Which brings us to Knox’s biggest score—Santoyo himself. In true Knox style, she didn’t find him the way most people match up with a romantic partner online. In 2008, she had just graduated from the Savannah College of Art and Design and knew she didn’t want to head back home to D.C. She was curious about Chicago, so she planned to spend her Spring Break there and posted on Craigslist looking for a tour guide to show her around for a day. Santoyo answered the call.

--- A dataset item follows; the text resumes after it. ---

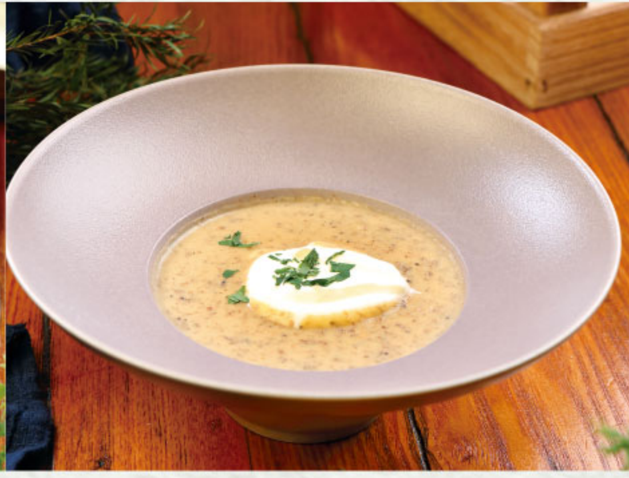
Cream of Wild Mushroom Soup 野菌忌廉湯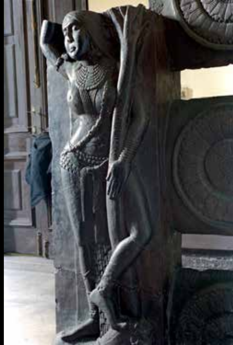
Gateway and Railing of Bharhut Stupa 2nd century BC, Madhya Pradesh, India.

“I literally cleared my schedule and showed her all my favorite places,” says Santoyo, who arrived at their first meet-up at a pizza joint wearing a suit. While Knox always knows a keeper when she sees it, Santoyo’s instincts aren’t too shabby either.
“I knew she was the one when she reached across the table, grabbed my pizza that I was eating and was like, ‘I’m gonna have a slice.’ I think she ate half my pizza. The rest is history.”
This story was produced in partnership with Represent Collaborative, a non-profit media initiative producing stories about Black and brown communities.